In the meantime, Ivan and Gerald had been carrying on intense Catholic Mennonite conversations. They invited Marlene Kropf and me to join them. A whole network of conversations and connections emerged with many of you and others. Our conversations and dreams began unfolding in this grassroots Bridging effort. Out of those relationships and explorations grew the Laurelville Mennonite Catholic Retreat for 25 of us in August 1999.

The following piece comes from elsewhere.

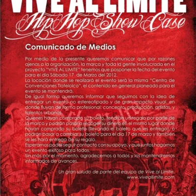 En Agosto del año pasado el colectivo Mamutt en colaboración con Cauce Ciudadano y su proyecto de enseñarle a jovenes con problemas de adicción a ver una salida en el graffiti, invitaron al graffitero M-city a motivar a estos jovenes para erradicar la violencia y vean una salida en este arte como forma de vida. Sin […]

The fourth Bridging step for me, which brings us to this time and place, is perhaps the most important specific step to date. It is the one with which I began. Abbot John’s gracious Benedictine spirit and vision led him to extend this Benedictine hospitality to us. He said “Let us be a home for the Catholic Mennonite Bridging movement for a time.” That offer to host a Catholic Mennonite Bridging gathering then led to a commitment and investment give leadership to the Bridging vision as we meet here offer the next few years. Last November, Gerald, Marlene, Ivan, and I met here with Abbot John, Fr. William, and Fr. Rene, for a weekend of planning this first Bridging event.
The Meaning of Bridging
And here we are taking this new concrete step toward “Creating Peacemaking Communities for the New Millennium: Catholics and Mennonites Bridging the Divide.” It is the paradox of “unintentional intentionality” as we follow the dream that God has set before us even when we never set out to create a bridging movement. It is “unintentional” in that I never set out intentionally on a Mennonite Catholic Bridging journey. Yet looking back along this path there has been amazing continuity and clarity even when we know not what the future holds. But we know God holds the future as we intentionally and faithfully awaken to and live what God has set before us. This Bridging vision has and will take a great intentional commitment to continue connecting these two great Christian traditions.

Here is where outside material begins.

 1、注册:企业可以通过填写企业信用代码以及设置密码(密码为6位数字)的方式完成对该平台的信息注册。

In this new century and new millennium our task is to be the Church as servant to the world. This Catholic Mennonite Bridging task is to be sign and witness and an instrument of the reign of God already but not yet.
We have no formal rule or discipline other than the prayer that is in your packets which we have begun our sessions with here this weekend. It is a prayer that God placed on Gerald’s heart, which he shared with us when 8 of us were here on retreat that turning point March weekend last year. We urge you to pray it often knowing that others in this Bridging community are also praying these words.
In this Bridging vision, I am reminded often of the poet T. S. Eliot’s inspiring words near the end of the 4th of the “Four Quartets:”
We shall never cease from our exploring,
And the end of all our exploring,
Will be to arrive at the place where we began
And to know the place for the first time.
Terribilis est iste locus: “Full of awe is this place.” Thanks be to God!